Each and every line below goes into your answer unchanged, but leave out the images.

# Dataset extract

-*-*-

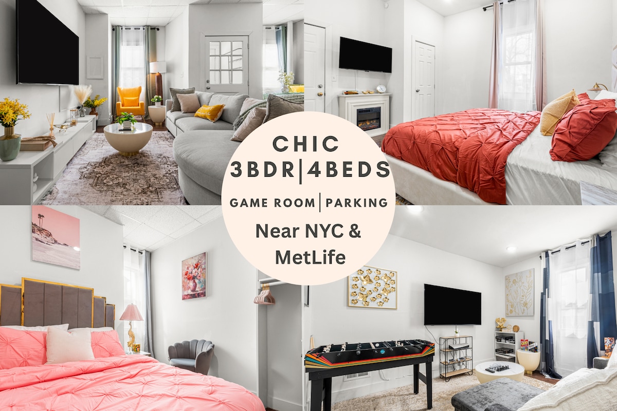 Stylish 3BR w/Game Room+Parking Near NYC & MetLife
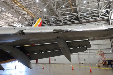 Overall, collateral impact damage to the airframe attributable to the ejected debris was assessed as “significant” and was evident on the left wing leading edge (see the illustration below), the fuselage side and on the left horizontal stabiliser. It was also subsequently found that although the fan case had not been penetrated from the inside, it did have a hole that corresponded to a fan blade impact mark.
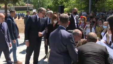 Okupljeni su pomogli devojci da ustane, a nakon što se uverio da je sa njom sve u redu, Vučić je rekao da se takve stvari dešavaju kada je napolju vruće.
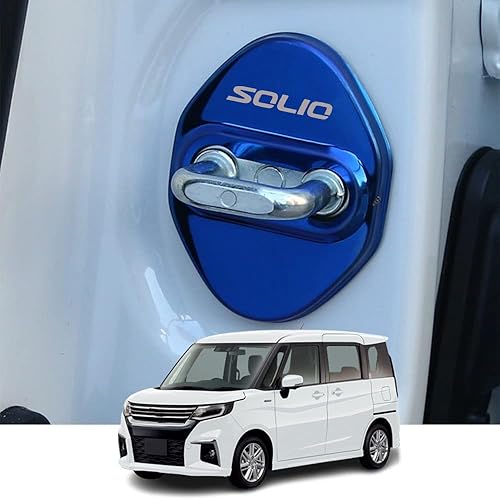 Kakashのステンレスドアロックカバーは、スズキ新型ソリオ(MA27S/MA37S/MA07系)専用設計で、傷防止や防塵効果があります。取り付けも簡単で、スタイリッシュなブルーの仕上げが施されています。

-*-*-

# Worked solution
 Stylish 3BR w/Game Room+Parking Near NYC & MetLife
 Overall, collateral impact damage to the airframe attributable to the ejected debris was assessed as “significant” and was evident on the left wing leading edge (see the illustration below), the fuselage side and on the left horizontal stabiliser. It was also subsequently found that although the fan case had not been penetrated from the inside, it did have a hole that corresponded to a fan blade impact mark.
 Okupljeni su pomogli devojci da ustane, a nakon što se uverio da je sa njom sve u redu, Vučić je rekao da se takve stvari dešavaju kada je napolju vruće.
 Kakashのステンレスドアロックカバーは、スズキ新型ソリオ(MA27S/MA37S/MA07系)専用設計で、傷防止や防塵効果があります。取り付けも簡単で、スタイリッシュなブルーの仕上げが施されています。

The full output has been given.